> _ASSIGNMENT_
Extract only the lines from the start of the entries below to the line with "A handcrafted jute", inclusive; omit every picture.

> _ENTRIES PROVIDED_

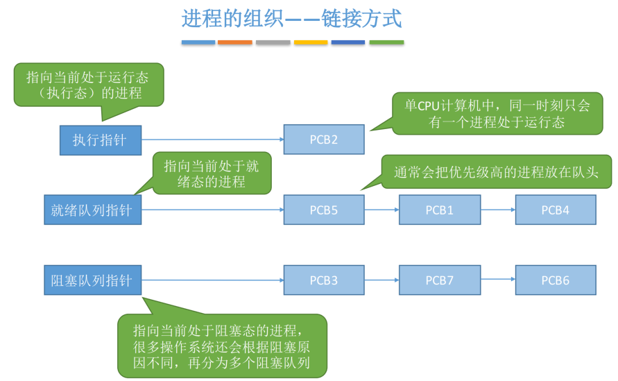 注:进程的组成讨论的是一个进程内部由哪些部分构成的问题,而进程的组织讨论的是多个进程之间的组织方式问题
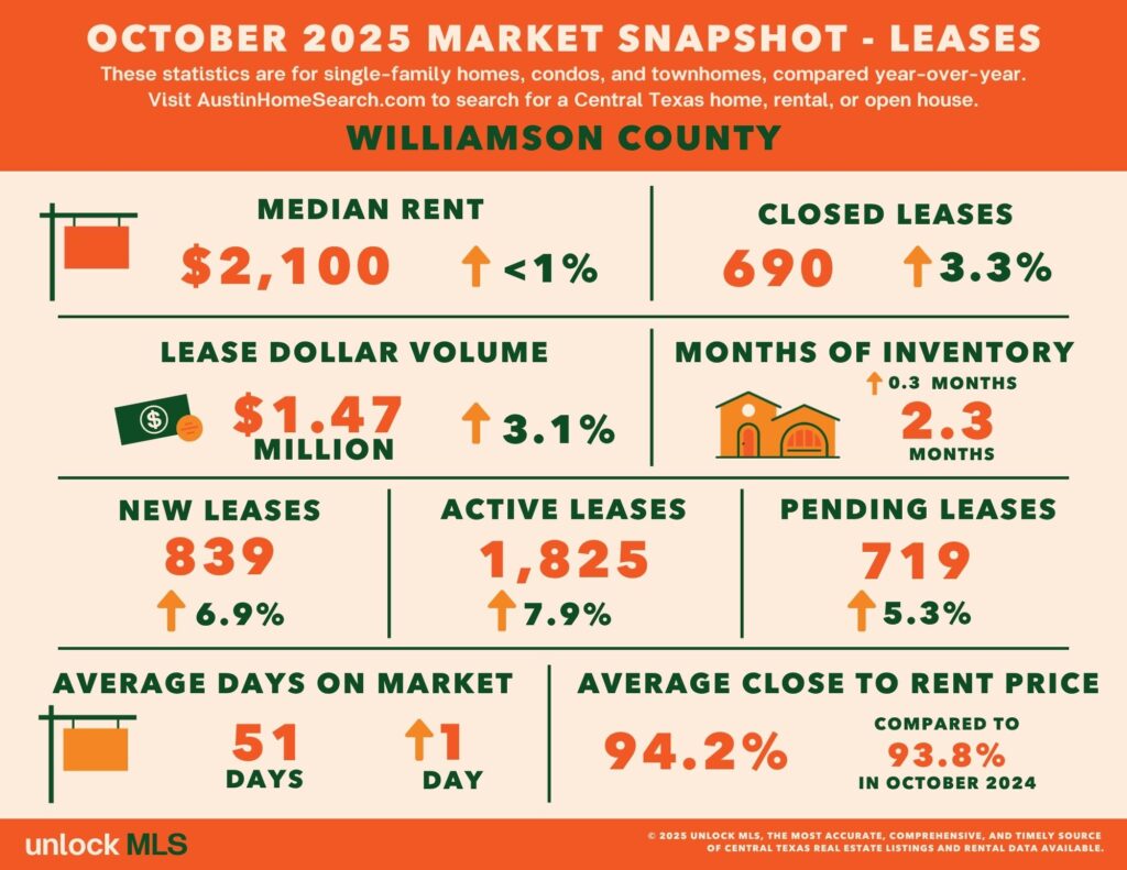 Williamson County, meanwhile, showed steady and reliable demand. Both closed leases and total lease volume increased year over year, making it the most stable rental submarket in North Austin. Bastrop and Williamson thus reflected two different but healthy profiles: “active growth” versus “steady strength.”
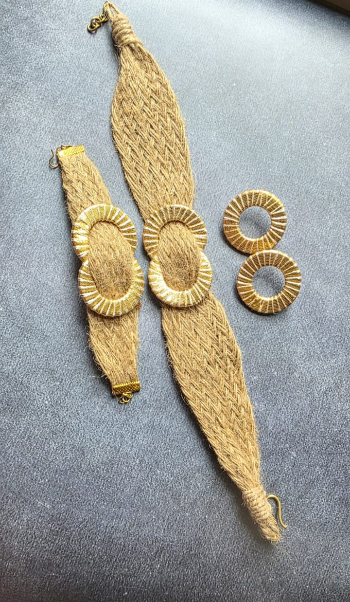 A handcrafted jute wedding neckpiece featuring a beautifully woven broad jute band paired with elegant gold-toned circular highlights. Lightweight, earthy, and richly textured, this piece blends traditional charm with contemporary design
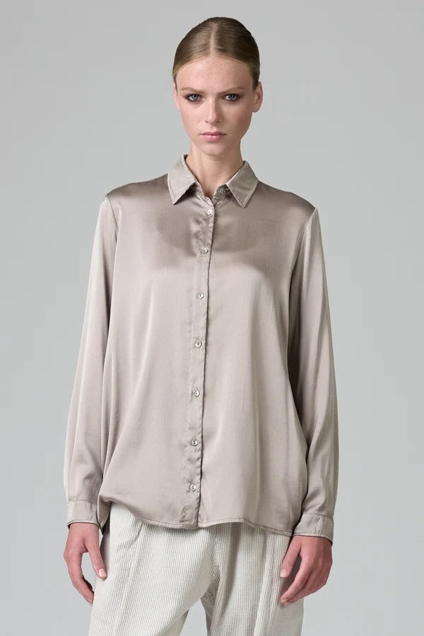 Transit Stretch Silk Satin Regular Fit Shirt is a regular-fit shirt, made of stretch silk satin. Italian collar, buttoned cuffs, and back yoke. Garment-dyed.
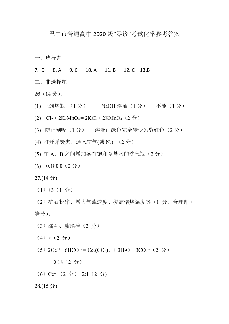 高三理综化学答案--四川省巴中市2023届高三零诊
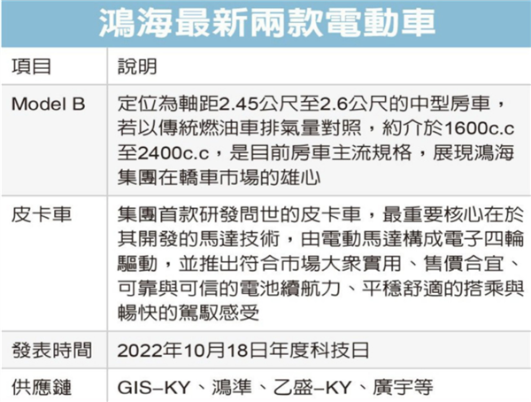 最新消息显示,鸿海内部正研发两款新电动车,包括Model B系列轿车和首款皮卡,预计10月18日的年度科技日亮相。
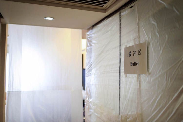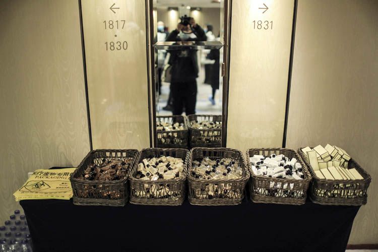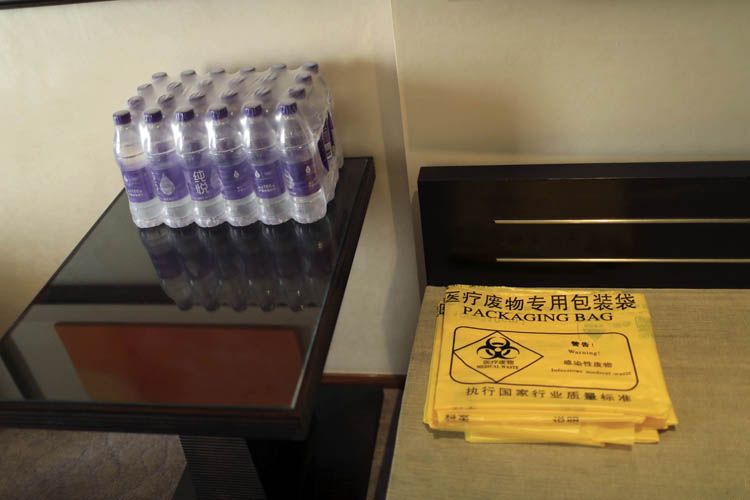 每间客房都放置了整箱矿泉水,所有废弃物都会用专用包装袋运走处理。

> _SOLUTION FOR THIS PROBLEM_
 注:进程的组成讨论的是一个进程内部由哪些部分构成的问题,而进程的组织讨论的是多个进程之间的组织方式问题
 Williamson County, meanwhile, showed steady and reliable demand. Both closed leases and total lease volume increased year over year, making it the most stable rental submarket in North Austin. Bastrop and Williamson thus reflected two different but healthy profiles: “active growth” versus “steady strength.”
 A handcrafted jute wedding neckpiece featuring a beautifully woven broad jute band paired with elegant gold-toned circular highlights. Lightweight, earthy, and richly textured, this piece blends traditional charm with contemporary design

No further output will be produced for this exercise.